Financing any consumer purchase is bad debt. Furniture? A television? A riding lawn mower? All of these things are often bought with a financing plan – and all of them are bad things to go into debt for because they drop steeply in value as soon as you buy them.
But I need all of this stuff that depreciates! If you need a lawnmower and can’t afford it, buy a very low-end push mower and start saving for a better one. You need only to mow your yard, so get the item that covers what you need, not what you want.
If you need a car, head to the used car dealership and look at the $1,000 section. You need only to get from point A to point B, so get the car that covers this basic need, not the shiny features you want.
If you need a new couch, head down to Goodwill. You need a place to sit, but you only want something shiny and expensive from the furniture store.

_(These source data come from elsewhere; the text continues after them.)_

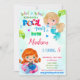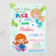 Schwimmbad Party Geburtstagseinladung Girl Meerjungfrau Geburtstags-Einladung Pool Party einladen Pool Einladung. Kommen Sie mit dieser niedlichen Einladung zum Geburtstag eines Mädchens Wasserspass mit zwei niedlichen Meerjungfrauen. Editieren Sie diese einfach zu bedienende Vorlage einfach im Menü Personalisieren, um sie ganz besonders zu machen.
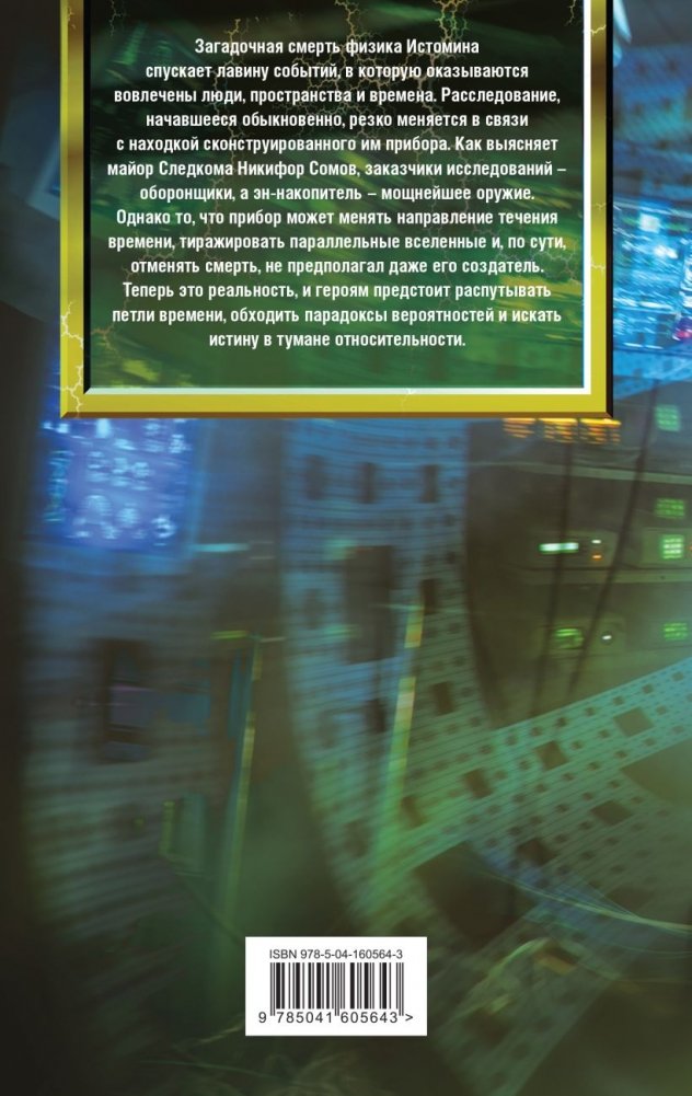 Загадочная смерть физика Истомина спускает лавину событий, в которую оказываются вовлечены люди, пространства и времена. Расследование, начавшееся обыкновенно, резко меняется в связи с находкой сконструированного им прибора. Как выясняет майор Следкома Никифор Сомов, заказчики исследований – оборонщики, а эн-накопитель – мощнейшее оружие. Однако то, что прибор может менять направление течения времени, тиражировать параллельные вселенные и по сути отменять смерть, не предполагал даже его создатель. Теперь это реальность, и героям предстоит распутывать петли времени, обходить парадоксы вероятностей и искать истину в тумане относительности.
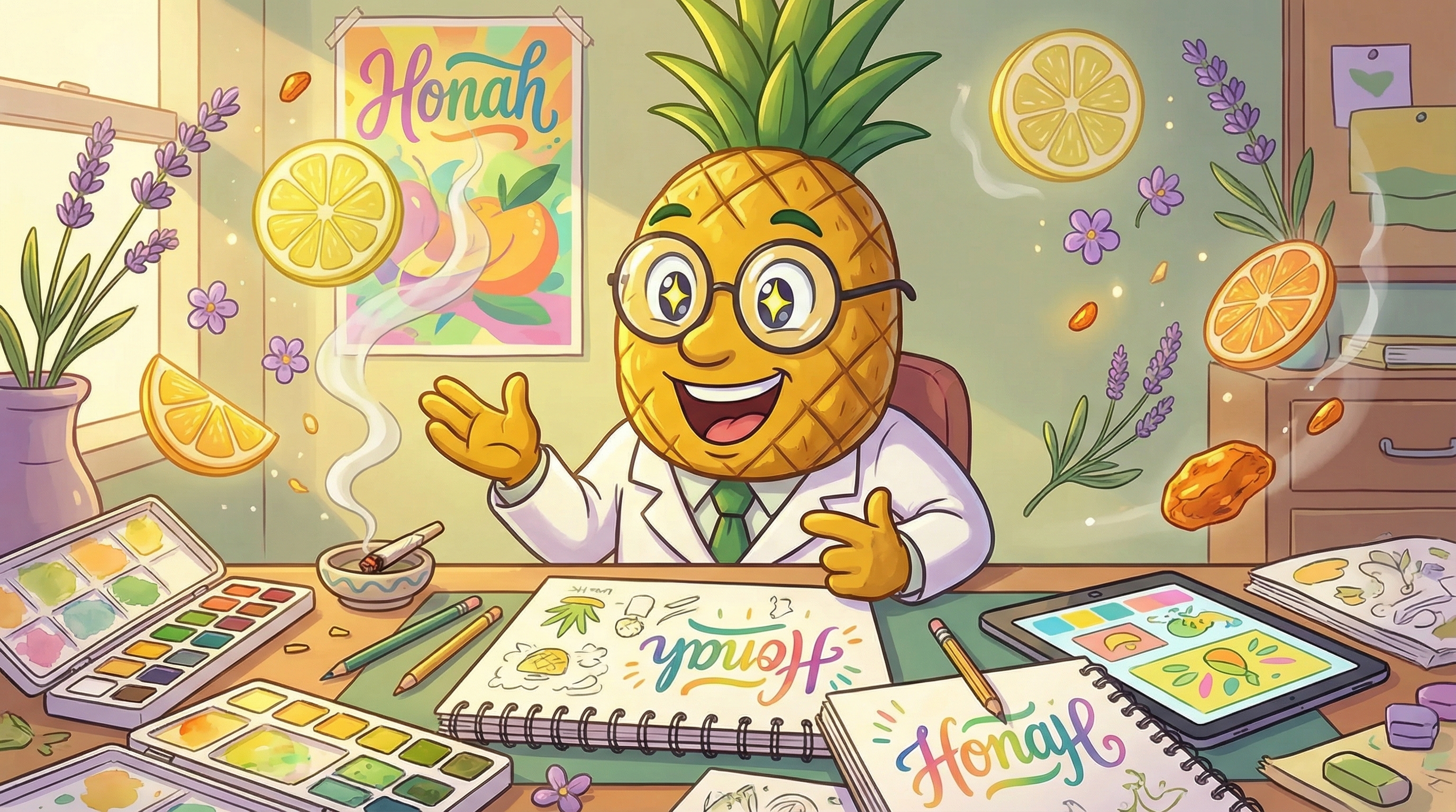 The moment Honah's smoke fills my lungs, I feel this electric clarity washing over my mind—like someone just turned up the brightness and saturation on my thoughts. There's this delightful tropical sweetness dancing across my palate, reminding me of fresh pineapple juice with herbaceous notes, and then... boom—the euphoria hits.

I don’t begrudge anyone a nice shiny car or a great riding lawn mower or some new furniture or a flat-panel HDTV. But those things cover your wants, not your needs. Don’t go into debt for them. Cover your needs, then save up for your wants.
The most interesting thing? Once you start separating your needs from your wants, you discover that you don’t actually want a lot of that stuff too much after all. If you have a working lawn mower, after all, the desire for a replacement is quite a bit lower.